[time-nuts] HP 106B quartz frequency standard...the story so far

Jim Palfreyman jim77742 at gmail.com
Thu Aug 6 05:38:16 UTC 2009


OK, I'm puzzled. Can someone with a good knowledge of OCXOs explain my
observation. This is my HP 106B double ovened quartz oscillator, but
I'm sure the theory applies generally.

It's easiest to show these observations as made-up but approximate
numbers an hour apart.
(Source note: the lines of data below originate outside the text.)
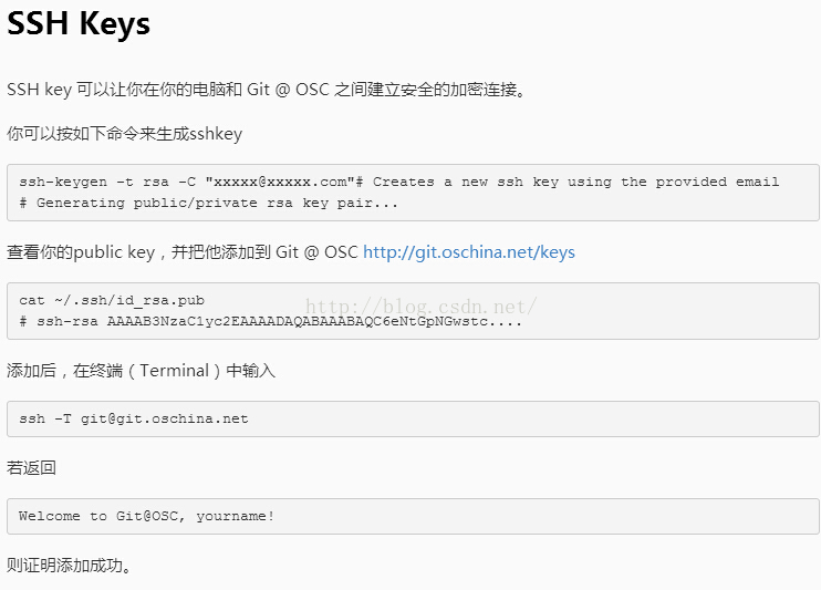 - git clone git@git.oschina.net:xxxxxxxx/git.git
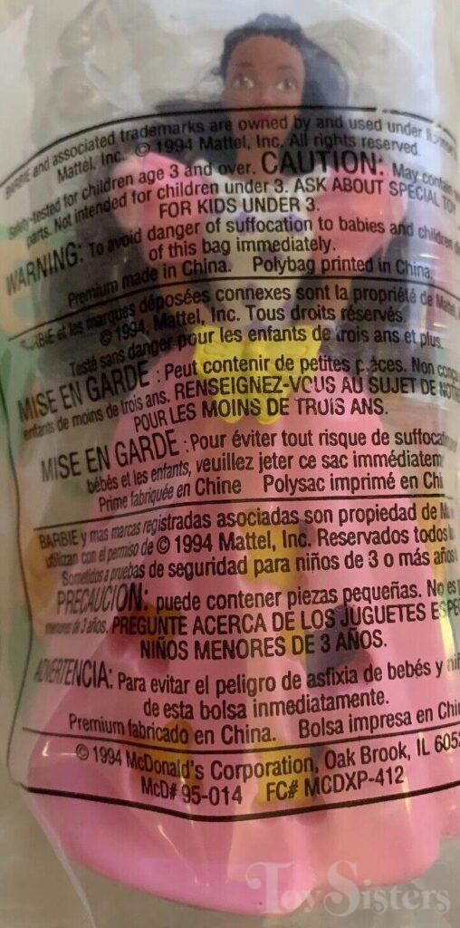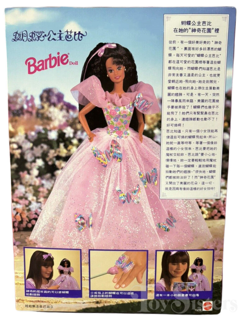 This doll was copyrighted / released in 1994 / 1995. To see other dolls from 1995, click here. She has the Teresa head mold. To see other dolls with this head mold, click here. This doll was manufactured in Indonesia. She also comes packaged in a Japanese box. To see other Butterfly Princess dolls, click here.
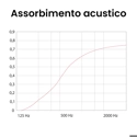 FONOASSORBENTE: 12 lamelle di poliuretano espanso autoestinguente, densità 30 kg/m3, reazione al fuoco UL94-HF1, spessore 4 cm, finitura con smalto colorato.
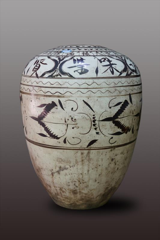 明白釉黑花陶酒缸
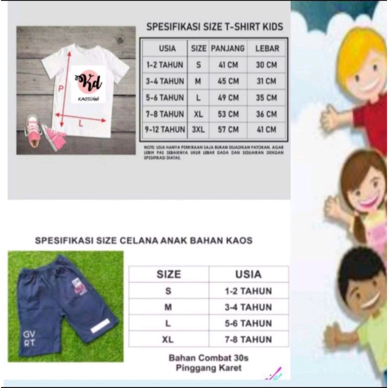 Baju Kaos Setelan Anak Perempuan Stelan Anak Cewek Usia 3 - 15 Tahun
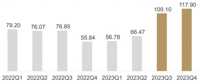 图:中国大陆半导体设备销售额 (亿美元 ,2015Q1-2023Q3)
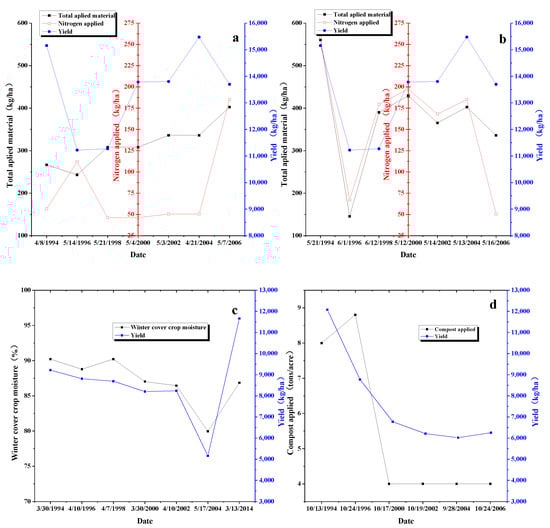 Yield and fertilizer curve for different systems from 1994–2006. (a,b), CMT: mineral fertilizer (total applied fertilizer and nitrogen applied); (a): base fertilizer; (b): top dressing. (c), LMT: winter cover crop (WCC) moisture. (d), OMT: compost applied.
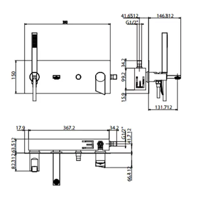 Gattoni Soffio Смеситель для ванны встроенный с внутренней частью. с ручной лейкой. цвет: хром
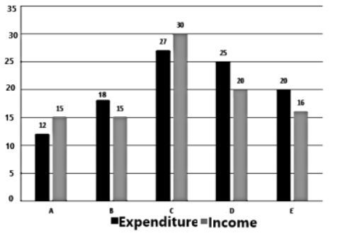 The following bar graph shows the income and expenditures (in crore) of five companies A, B, C, D, E in the year 2017.

Say the device is set to 5.000 000 000 MHz and
then measurements are done on a 5370B with a GPSDO as an external
reference. (Note that the 5370B has more jitter than shown below when
measuring frequency, but by following it for a minute or so you can
see what numbers it hovers around.)

Connect an HP rubidium (to prove it's not a measurement error):

Hour     0                   1                     2
   3                      4                      5
5.000 000 000    5.000 000 000   5.000 000 000   5.000 000 000   5.000
000 000   5.000 000 000

My 106B as it currently is running:

5.000 000 000    5.000 000 001   5.000 000 002   5.000 000 003   5.000
000 004   5.000 000 005

If I turn the inner oven control in one direction (presumably the
hotter way) a fraction of a turn and then sit back and watch:

5.000 000 000    5.000 000 003   5.000 000 006   5.000 000 009   5.000
000 012   5.000 000 015

If I turn the inner oven control the other way (a bit further past the
original point):

5.000 000 000    4.999 999 995   4.999 999 990   4.999 999 985   4.999
999 980   4.999 999 975


What I don't understand is why changing the oven temperature cause the
frequency to continually increase or decrease. If you look at Quartz
temperature curves (and I'm presuming this is an AC cut since SC
wasn't invented until 1976) they show a frequency offset dependent on
temperature. But I'm not getting an offset, I'm getting a steady
increase - all the time.

Sure I can find my sweet spot where it moves minimally (as it is now)
but that is hard to improve and seems to be sitting on a knife edge.

The only other thing to note is that my power supply rail is a few
volts too high (see previous post). Could this be the cause?

If what I'm seeing is normal I'd love to have it explained to me!